A Non-Compete Can Be Enforced Even When Lacking Geographic Limitation

Tuesday, December 8th, 2009

Maryland law is well settled that a non-compete must be reasonable in geographic scope and duration in order to be held enforceable. However, Maryland courts will enforce a covenant not-to-compete that does not contain a geographic limitation in certain narrow and limited circumstances. The U. S. District Court for the District of Maryland stated in Intelus v. Barton and Medplus, Inc., 7 F. Supp. 2d 635 (1998) that every non-compete must be examined to determine reasonableness based on the specific facts at hand, even non-competes that fail to contain a finite geographic limitation. The Intelus court stated:

“Competition unlimited by geography can be expected where the nature of the business concerns computer software and the ability to process information. . . Because of the broad nature of the market in which Intelus operates, a restrictive covenant limited to a narrow geographic area would render the restriction meaningless.”

In determining the reasonableness of a non-compete that does not contain a geographic limitation, Maryland courts will consider the nature of the industry and the national and perhaps global nature of the competition. In Intelus, the court concluded that the restriction was reasonably related and limited to Intelus’s need to protect its good will and client base, and therefore upheld the enforceability of the non-compete.

In Hekimian Labs, a Florida federal court, interpreting Maryland law, found that where “testimony indicated that competition within the business of remote access testing is such that the whole world is its stage” and “that there are only about 20 companies that compete in this business, and they do so on a worldwide basis,” then “to confine the restrictive covenant to a specified geographical area would render the Agreement meaningless.”

The Florida Court concluded that if the agreement did contain a geographical restriction, the offending party would only need to move outside of this restricted area and the damage to the harmed party would be the same. Because of the national and international scope of the competition between the parties, the absence of a specified geographic limitation was reasonably necessary for the protection of the party attempting to enforce the non-compete, and the covenant was upheld.

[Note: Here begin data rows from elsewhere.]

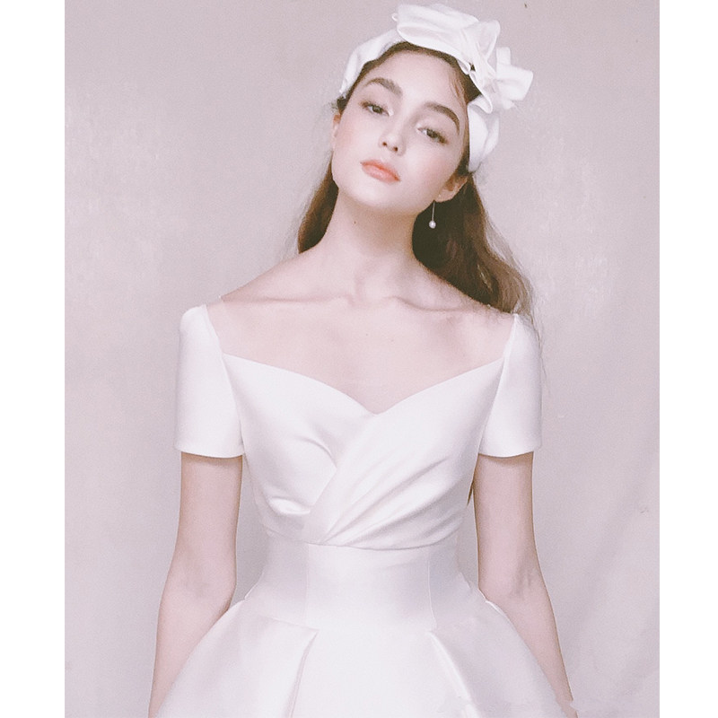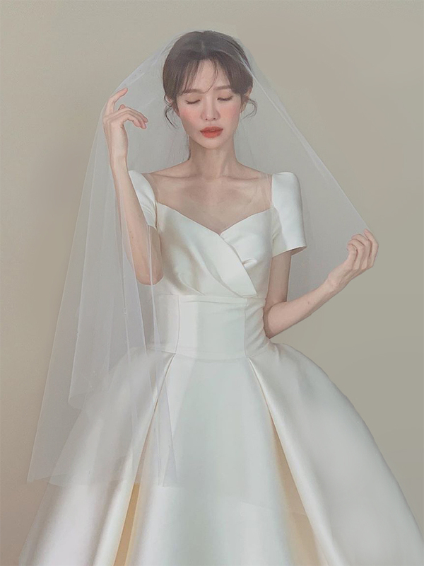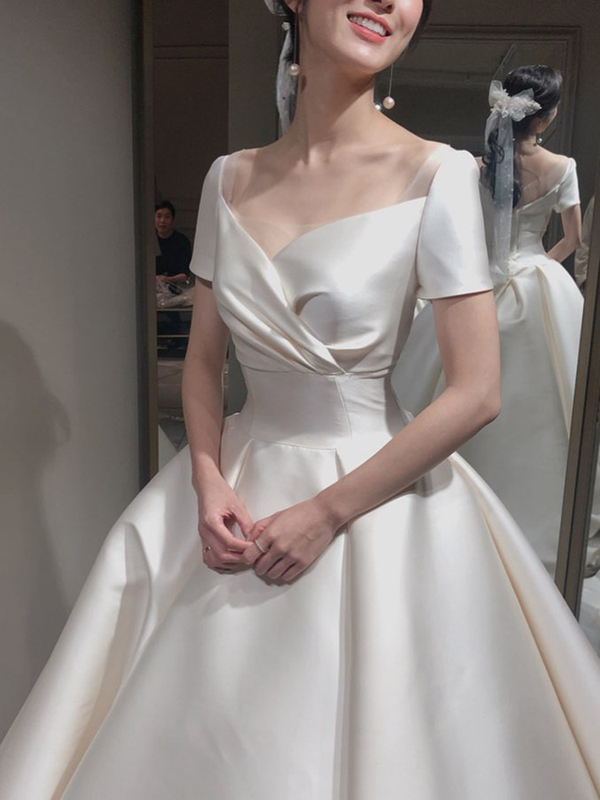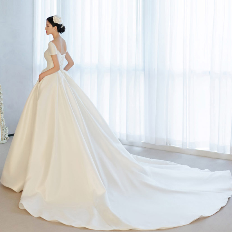 Satin main wedding dress 2021 New temperament bridal mortal simple atmosphere Super fairy French dream little tailed
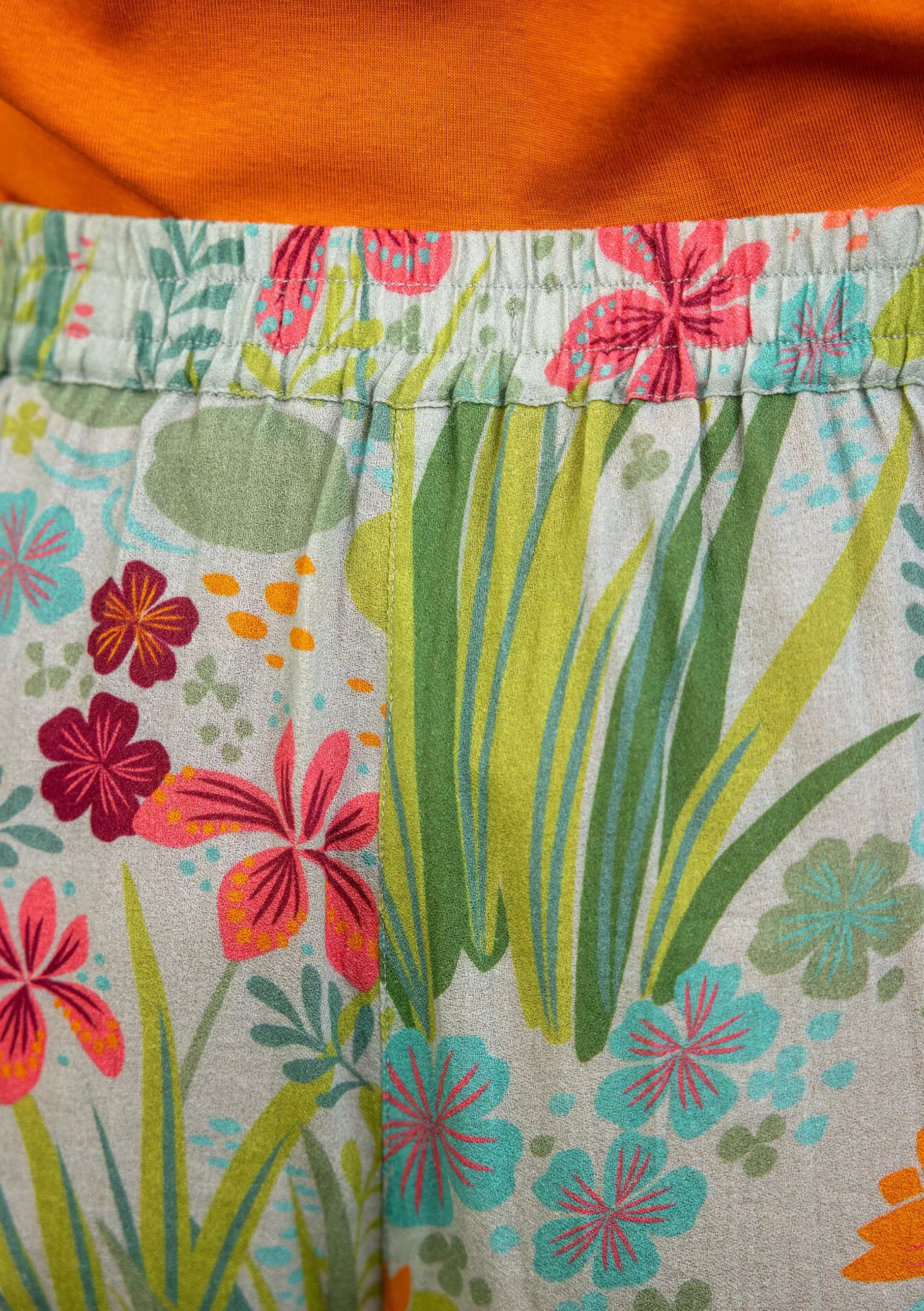 minze S,M,L,XL|Weite Hose bzw. Hosenrock in 3/4-Länge, mit digital gedrucktem Muster. Bund mit breitem innen liegenden Gummizug hinten sowie Tunnelzug mit Bindebändern vorne.||
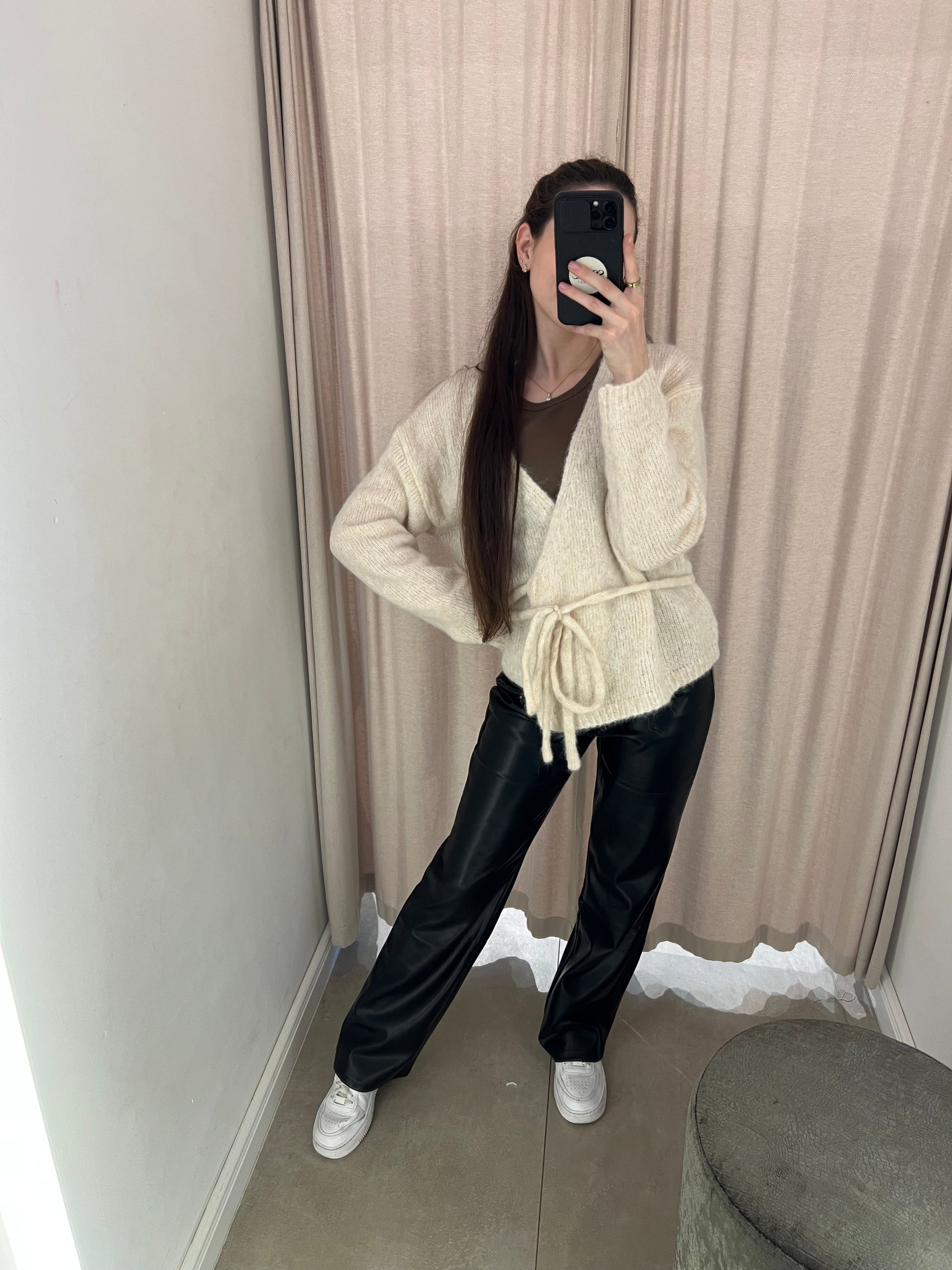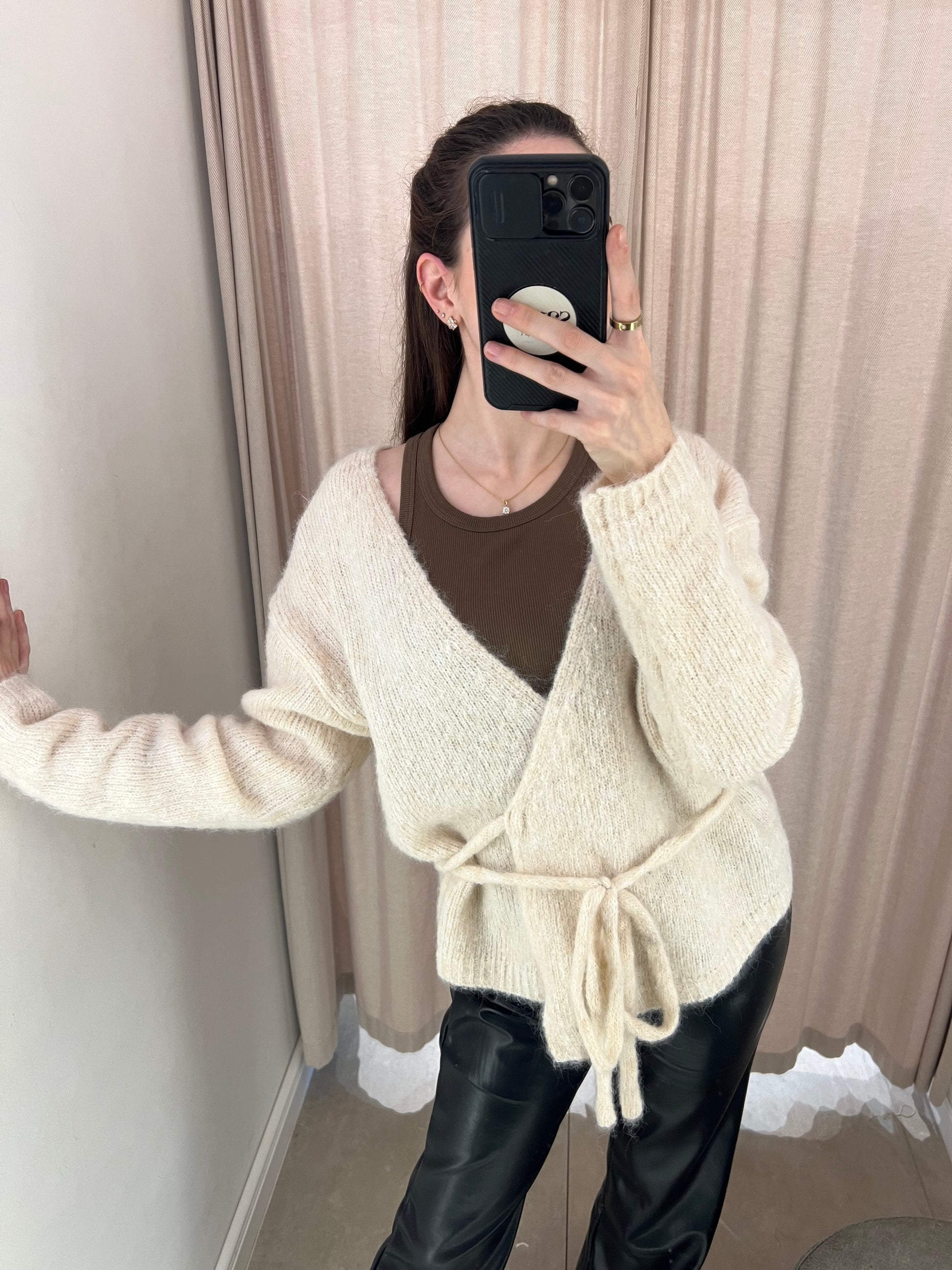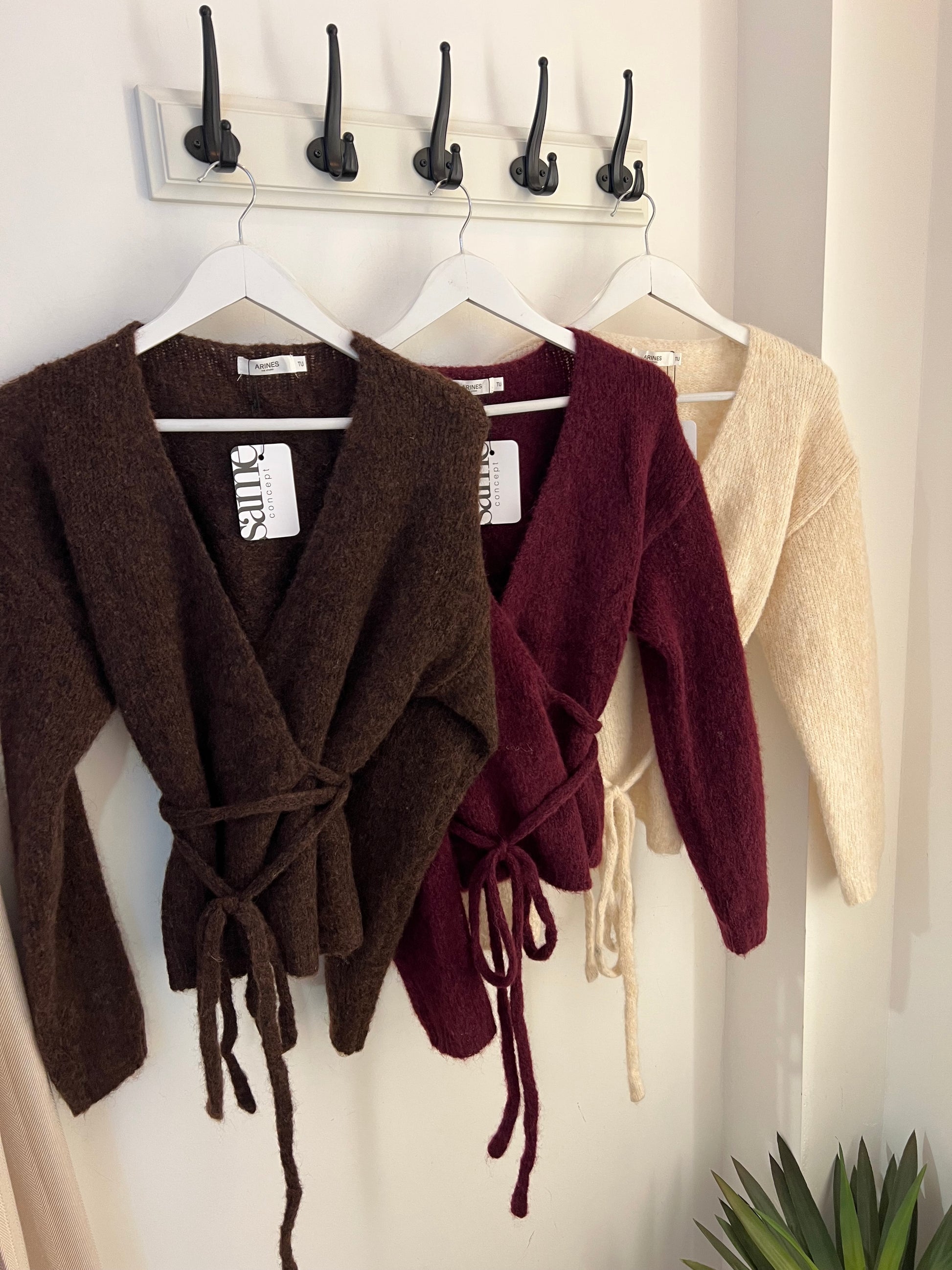 Der Schnürcardigan mit V-Ausschnitt verbindet zeitlose Eleganz mit individueller Passform. Dank des praktischen Schnürdetails lässt sich der Cardigan perfekt an Ihre Figur anpassen, während der offene V-Ausschnitt einen femininen Look zaubert. Ideal für entspannte Tage oder elegante Anlässe, ergänzt er vielseitig Ihre Garderobe und sorgt für Komfort und Stil zugleich.
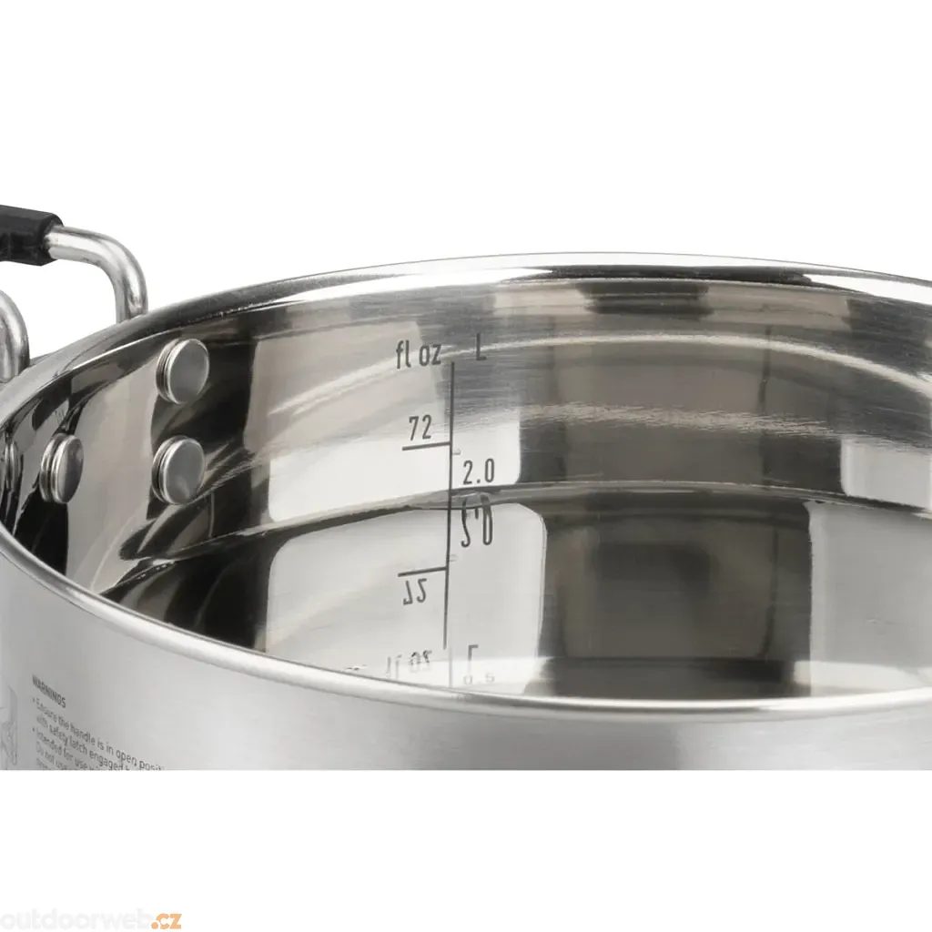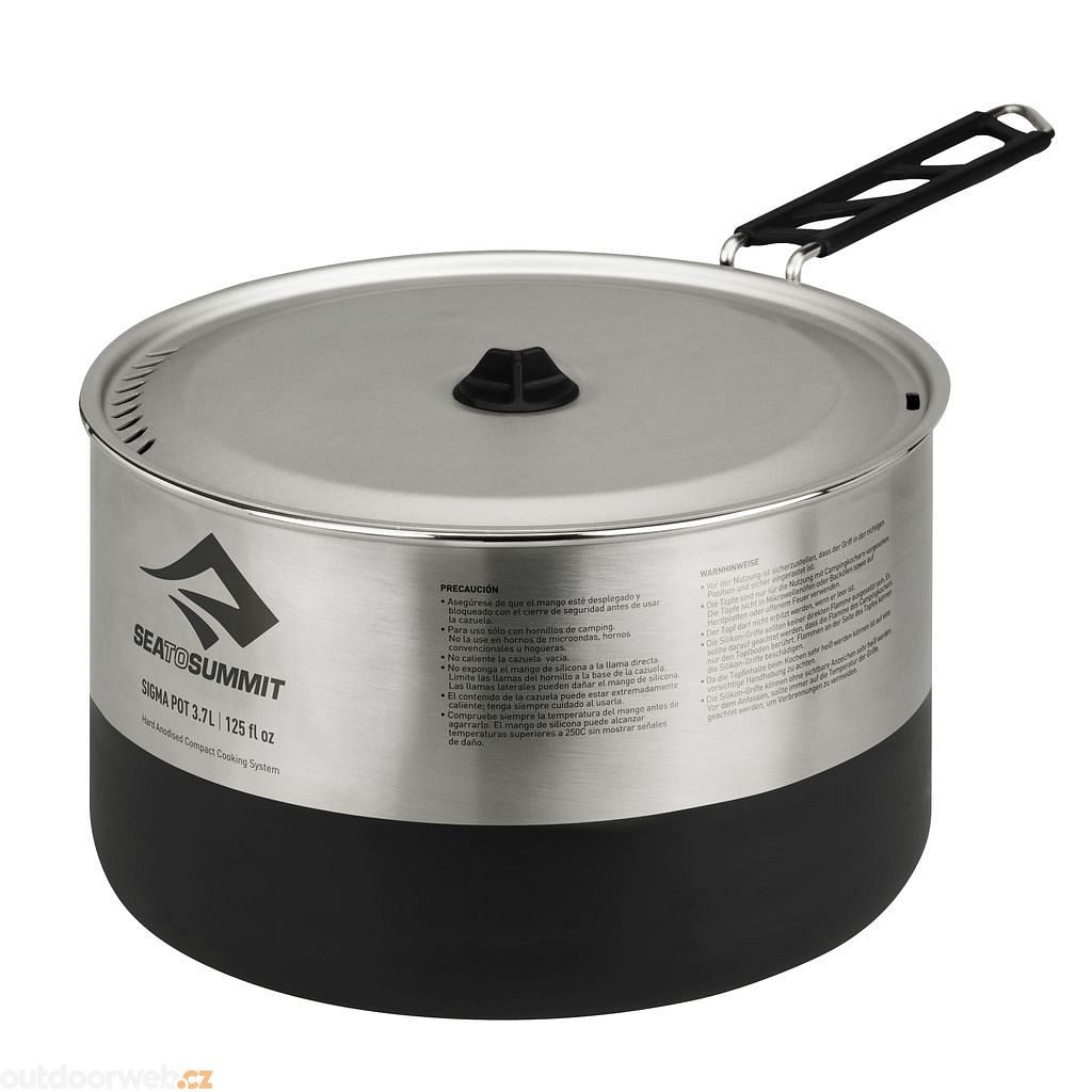 Sea To Summit's 3.7 litre stainless steel pot is suitable for cooking for one or two people. The lid is made from lightweight aluminium, has a strainer for easy water draining and a silicone grip for hanging the lid on the edge of the pot.

Maryland Courts May Grant Injunctive Relief Even when an Arbitration Clause Exists

Tuesday, December 8th, 2009

Maryland law permits a party to request injunctive relief from a Maryland federal or state court even when a contract states that all disputes must be referred to arbitration. The Court of Appeals of Maryland held in Brendsel v. Winchester Construction Company, Inc., 898 A.2d 472 (2006) that:

“[A]n interlocutory mechanics’ lien is in the nature of a provisional remedy, not much different than an interlocutory injunction or attachment sought to maintain the status quo so that the arbitration proceeding can have meaning and relevance, and the predominant view throughout the country is that the availability of such remedies by a court is permitted by the Federal and Uniform Arbitration Acts and is not inconsistent with the right to enforce an arbitration agreement.”

In its ruling, the Maryland Court of Appeals focused on the need for courts to have the ability to preserve the status quo by granting injunctive relief while a dispute is sent to arbitration. Without this ability, the Court held, a ruling by an arbitrator could very well be immaterial, as the damage done to a party could by that time be irreparable.

The Maryland Court of Appeals’ holding finds support from the Fourth Circuit in Merril Lynch et al. v. Bradley and Collins, 756 F.2d 1048 (1985):

“Accordingly, we hold that where a dispute is subject to mandatory arbitration under the Federal Arbitration Act, a district court has the discretion to grant a preliminary injunction to preserve the status quo pending the arbitration of the parties’ dispute if the enjoined conduct would render that process a “hollow formality.” The arbitration process would be a hollow formality where “the arbitral award when rendered could not return the parties substantially to the status quo ante.” Lever Brothers, 554 F.2d at 123.”

Therefore, Maryland courts are permitted to intercede and grant injunctive relief in spite of an arbitration clause where the absence of such relief would cause the arbitration to be nothing more than a “hollow formality.”
This power exists even when a contractual provision states that the parties must refer all disputes to arbitration.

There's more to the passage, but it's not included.